• TASK OBJECTIVE:
Retype, word for word, every line of the records below starting at the one that contains "10月28日,深圳龍華隊選手時越(右)與福建刺桐棋院隊選手林子杰在比賽中。" and ending at the one that contains "- Supporting the"; include both of those lines and nothing more.

• THE DATA:
================================
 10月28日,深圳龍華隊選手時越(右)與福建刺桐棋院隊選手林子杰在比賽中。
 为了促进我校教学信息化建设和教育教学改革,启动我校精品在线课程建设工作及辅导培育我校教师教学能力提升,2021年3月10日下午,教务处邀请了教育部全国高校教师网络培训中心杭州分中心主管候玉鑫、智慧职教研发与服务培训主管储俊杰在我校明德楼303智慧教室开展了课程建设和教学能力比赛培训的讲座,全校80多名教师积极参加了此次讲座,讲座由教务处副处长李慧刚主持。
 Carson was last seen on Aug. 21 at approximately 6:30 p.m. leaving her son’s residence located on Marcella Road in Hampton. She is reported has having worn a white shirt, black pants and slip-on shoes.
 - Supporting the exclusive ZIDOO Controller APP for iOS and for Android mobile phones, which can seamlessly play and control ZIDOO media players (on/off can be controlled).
================================
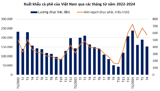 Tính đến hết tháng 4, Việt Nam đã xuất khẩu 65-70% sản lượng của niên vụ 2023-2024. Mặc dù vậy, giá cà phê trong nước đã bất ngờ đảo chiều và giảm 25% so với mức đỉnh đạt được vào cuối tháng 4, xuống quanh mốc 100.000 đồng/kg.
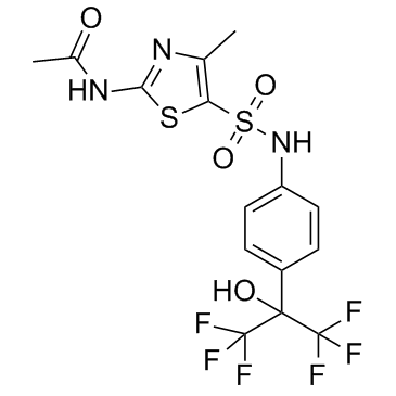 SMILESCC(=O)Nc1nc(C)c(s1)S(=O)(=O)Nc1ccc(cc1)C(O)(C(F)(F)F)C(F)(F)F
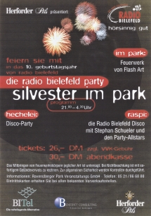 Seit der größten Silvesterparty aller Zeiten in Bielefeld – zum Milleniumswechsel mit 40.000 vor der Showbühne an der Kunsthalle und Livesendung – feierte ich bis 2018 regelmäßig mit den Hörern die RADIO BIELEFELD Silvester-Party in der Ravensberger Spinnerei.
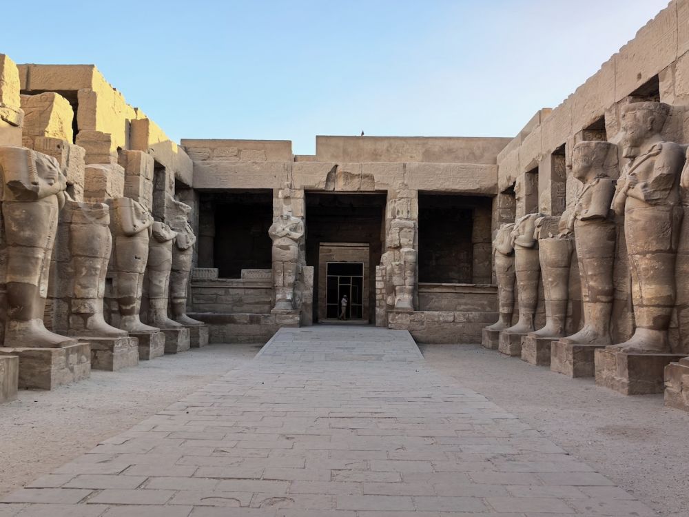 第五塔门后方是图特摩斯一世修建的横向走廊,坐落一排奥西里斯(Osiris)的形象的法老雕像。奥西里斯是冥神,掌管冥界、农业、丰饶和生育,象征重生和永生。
================================
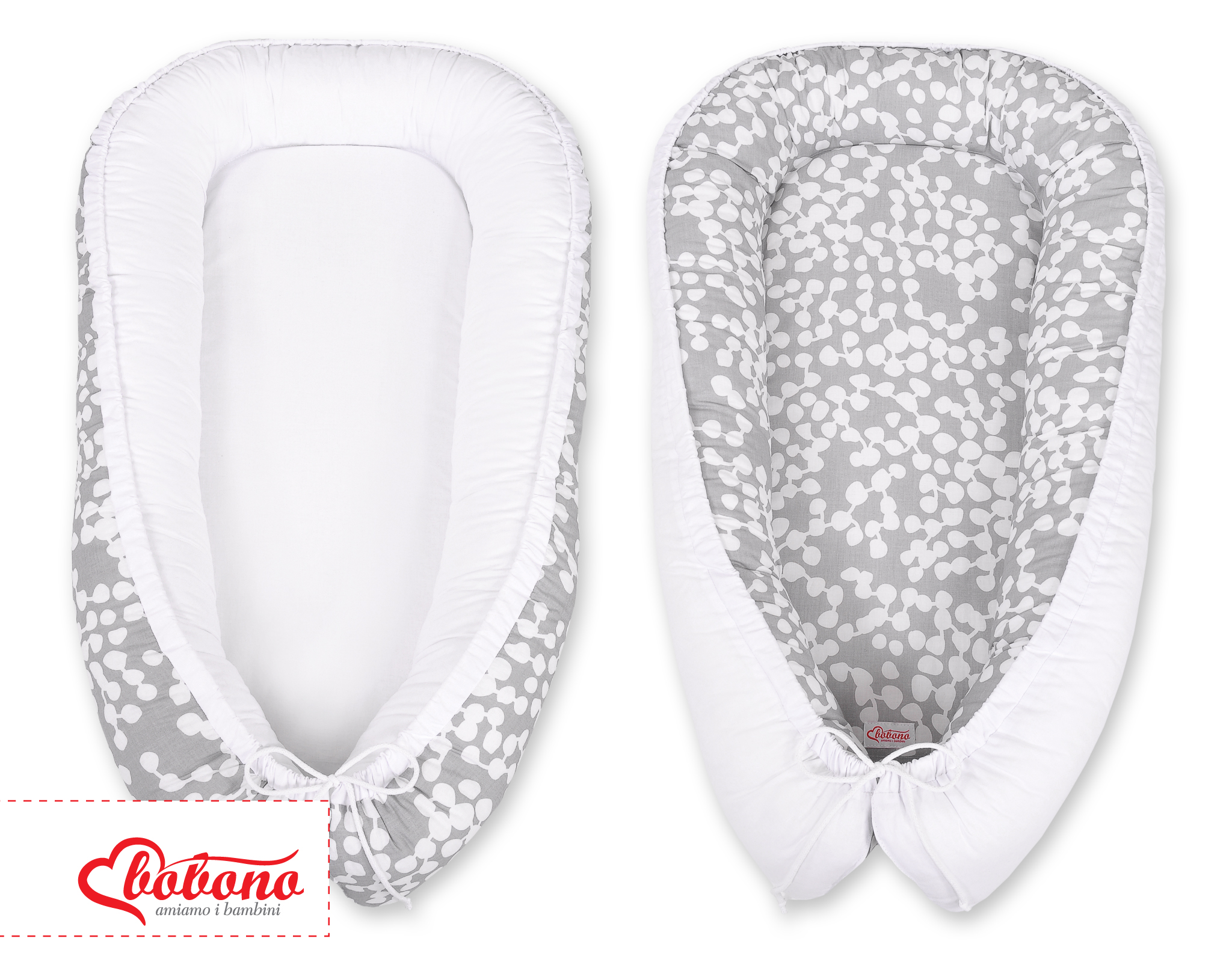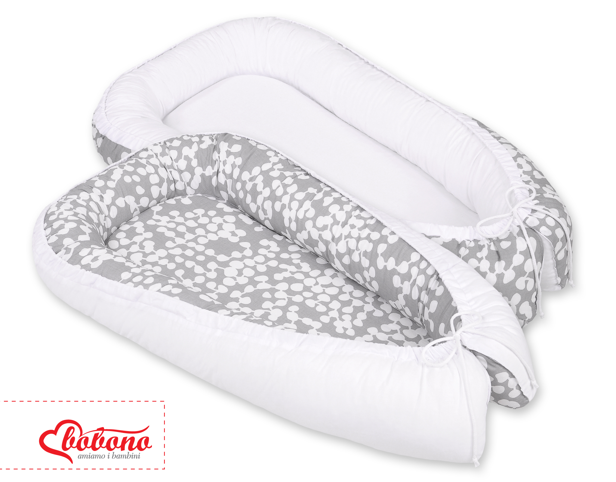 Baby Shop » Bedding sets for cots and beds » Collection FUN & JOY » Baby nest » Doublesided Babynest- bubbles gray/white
================================
• EXERCISE RESULT:
 10月28日,深圳龍華隊選手時越(右)與福建刺桐棋院隊選手林子杰在比賽中。
 为了促进我校教学信息化建设和教育教学改革,启动我校精品在线课程建设工作及辅导培育我校教师教学能力提升,2021年3月10日下午,教务处邀请了教育部全国高校教师网络培训中心杭州分中心主管候玉鑫、智慧职教研发与服务培训主管储俊杰在我校明德楼303智慧教室开展了课程建设和教学能力比赛培训的讲座,全校80多名教师积极参加了此次讲座,讲座由教务处副处长李慧刚主持。
 Carson was last seen on Aug. 21 at approximately 6:30 p.m. leaving her son’s residence located on Marcella Road in Hampton. She is reported has having worn a white shirt, black pants and slip-on shoes.
 - Supporting the exclusive ZIDOO Controller APP for iOS and for Android mobile phones, which can seamlessly play and control ZIDOO media players (on/off can be controlled).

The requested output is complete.